The literature search was performed on 30 June 2022 and included four databases: PubMed, Web of Science, MEDLINE and Embase. The timeline restricted to twenty years, from 1 July 2002 until 30 June 2022. Keywords included “(Antimicrobial OR antibacterial OR antifungal OR antiviral) AND (eucalyptus oil OR eucalyptus OR aromadendrene OR 1,8 cineole OR globulol) AND (MRSA OR methicillin resistant staph aureus OR methicillin resistant staphylococcus aureus OR methicillin resistant s aureus)”.

4.4. Eligibility Criteria

4.4.1. Inclusion Criteria

Only full-text primary articles in English were included. All methodologies, such as vapour and broth microdilution, were included. Studies that used the oil as a whole or isolated compounds from the oil were included. Studies that used oil as the only agent or used combination of oil with other agents and various forms of oil, e.g., fruit oil and leaf oil, were all included.

4.4.2. Exclusion Criteria

Grey literature, conference abstracts, posters and review articles were excluded. Studies that used eucalyptus leaf extracts, rather than essential oil, were excluded, as were studies that tested species of Eucalyptus other than E. globulus or tested the agents against pathogens other than MRSA.

4.5. Study Selection

Titles and abstracts were reviewed and inclusion and exclusion criteria were applied to ensure only relevant articles were included, after which full text was screened to further exclude any articles that did not align with the criteria. The search selection was carried out by two independent authors (SE and PM) and conflicts were resolved by mutual consensus.

4.6. Study Quality and Risk of Bias

Study quality was ascertained by inclusion of studies using methodologies with standardised procedures, such as CLSI guidelines.

4.7. Data Extraction

Data were extracted from the included studies and organised in a table containing information on location of study, methodology used, objectives and relevant findings.

5. Conclusions

Thus, given that the majority of studies provide evidence in the form of MIC values, zones of inhibition diameters and time–kill studies, it can be concluded that E. globulus essential oil does possess antibacterial properties against MRSA and its biofilm. Despite many variations between the values published by the studies, there seems to be consensus that eucalyptus essential oil has bactericidal properties. Additionally, the studies also demonstrate that these antibacterial properties can be enhanced by combining the oil with other agents, such as other essential oils and antibiotics. Numerous compounds have been extracted from the plant, each with varying levels of antimicrobial activity, allowing for potency to be improved through isolation and combination of such constituents. These results provide evidence that supports the potential use of eucalyptus essential oil as an antimicrobial agent to combat the rapidly evolving problem of antimicrobial-resistant bacteria. More data are needed on this topic to draw conclusive results.

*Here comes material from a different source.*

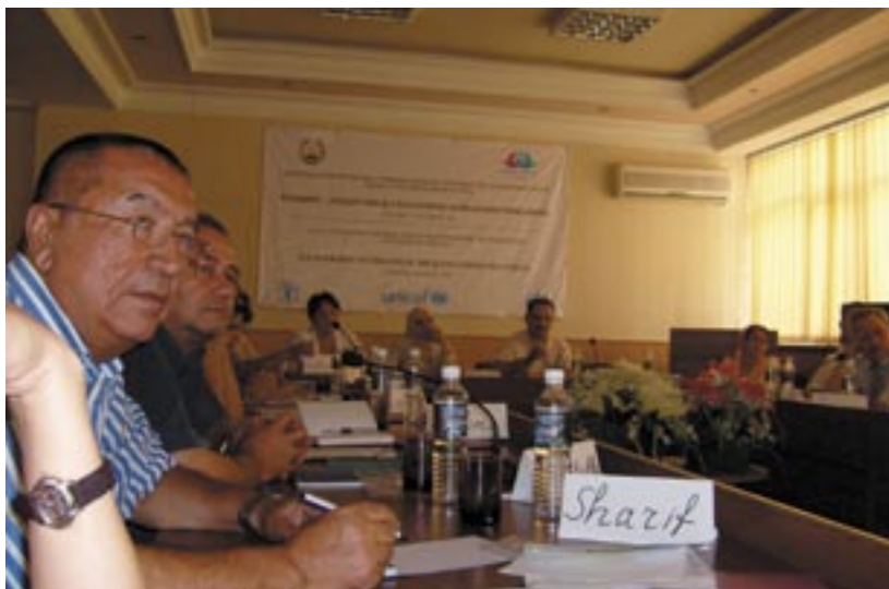
ACTED's health education staff attended a workshop organized by UNICEF on "Leadership and communication strategy" / Le staff d'ACTED chargé de l'éducation à la santé a participé à un atelier de organisé par l'UNICEF sur le thème « Leadership et Stratégie de Communication »

Additionally, adopting a more standardised approach between studies would further enhance the reproducibility and accuracy of the results.

Author Contributions

Conceptualization, P.M.; methodology, S.E. and P.M.; validation, S.E. and P.M.; formal analysis, S.E.; investigation, S.E.; data curation, S.E.; writing—original draft preparation, S.E.; writing—review and editing, S.E. and P.M.; resources, P.M.; supervision, P.M.; project administration, P.M. All authors have read and agreed to the published version of the manuscript.

Funding

This research received no external funding.

Institutional Review Board Statement

Not applicable.

Informed Consent Statement

Not applicable.

Data Availability Statement

All data are contained within this article.

Conflicts of Interest

The authors declare no conflict of interest.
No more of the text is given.